Two issues have been presented for review:

(1) whether the jury’s failure to convict Knox of sexual battery barred the defendant’s conviction for facilitation of sexual battery; and
(2) whether the trial court erred by denying probation.

We affirm.

The proof presented a classic jury question. The victim, a student at Tennessee Wesleyan College, made plans to celebrate her twentieth birthday. She was to meet her roommate and a few other friends at Mark Gibson’s apartment at midnight. During the course of the evening, the victim drank a few beers with another friend, Melody Barker, and went to a night club. Barker then dropped her off at Gibson’s apartment at approximately 11:45 P.M. No [835]*835one was there. After waiting for several minutes, the victim decided to walk the half-mile distance to her dorm.

The victim testified that she had walked about a quarter of a mile when the defendant stopped his vehicle and asked if she wanted a ride. When she declined, Knox, the passenger, opened the door and pulled her into his lap. She crawled through the bucket seats to the back.

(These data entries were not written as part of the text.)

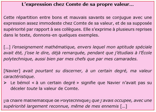 De manière corollaire, Comte distingue en permanence les bons savants des mauvais. Les premiers sont ceux dont il estime la méthode conforme à l’approche positive. Il se trouve que ce sont souvent aussi, plus prosaïquement, ceux qui l’ont aidé dans sa carrière, comme les mathématiciens Poinsot et Navier. Malgré le fier service que ce dernier lui avait rendu en lui offrant une place de répétiteur de son cours à Polytechnique en 1832, il est égratigné de manière quelque peu fielleuse :
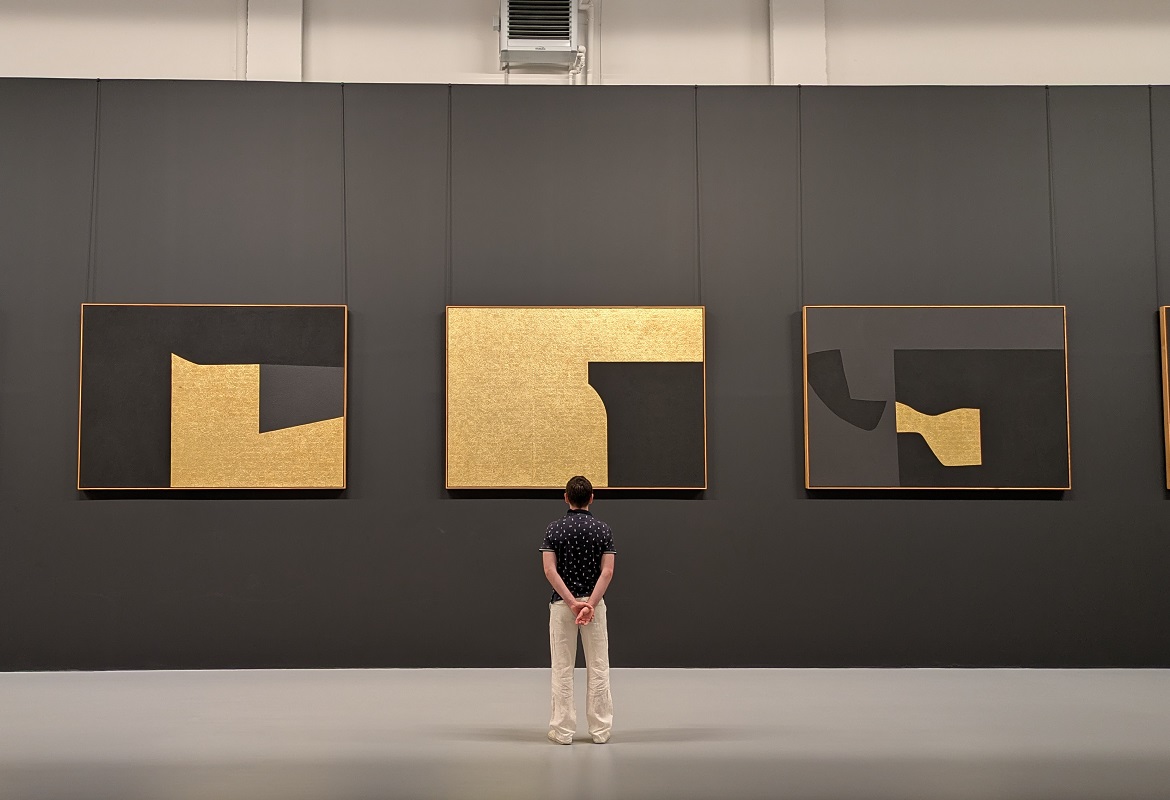 Face à certaines œuvres, notamment les grands Cellotex noirs, l’esprit ne peut s’empêcher de penser à Pierre Soulages (dont je vous avais parlé ici et Allychachoo là). Comme le peintre français, Burri explore le noir non pas comme absence, mais comme révélateur de lumière. Les reliefs, stries et variations de surface jouent avec l’éclairage, créant un dialogue mouvant entre opacité et éclat. Là où Soulages privilégie la pureté gestuelle de la peinture, Burri laisse la matière elle-même « écrire » sa texture, mêlant accident et maîtrise.
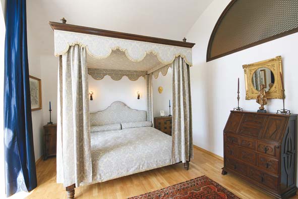 Mur en crépi blanc, double rideaux bleus et lit à baldaquin pour la chambre.Lire la suite
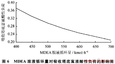 MDEA胺液循環(huán)量的大小不僅影響天然氣的凈化度,而且影響再生塔的熱負(fù)荷以及吸收塔底部的富液的酸性負(fù)荷(C02摩爾濃度與MDEA溶質(zhì)摩爾濃度的比值)。圖5給出了MDEA醇胺溶液循環(huán)量對(duì)再生塔底部再沸器熱負(fù)荷的影響。當(dāng)MDEA胺液循環(huán)量由700kmol/h減小到400kmol/h時(shí),對(duì)應(yīng)的再生塔底部再沸器熱負(fù)荷由796kW減小到476kW。因此,減少胺液循環(huán)量,能夠降低再沸器熱負(fù)荷,從而減少運(yùn)行成本。

The victim testified that the defendant drove out into the country and eventually asked her to have sex. Knox and the defendant then got into the back seat and tried to kiss the victim. The victim resisted by biting, kicking, and fighting. As Knox held the victim’s hands, the defendant pulled down the victim’s pants and digitally penetrated her vagina. The victim continued to resist then tried to break the car window with her heel. Both men got out of the vehicle. When the victim tried to get away, the men forcibly returned her to the car. Eventually, the defendant decided to “let this bitch out.” She ran to a motel office, got help, and was taken to the Athens Hospital emergency room.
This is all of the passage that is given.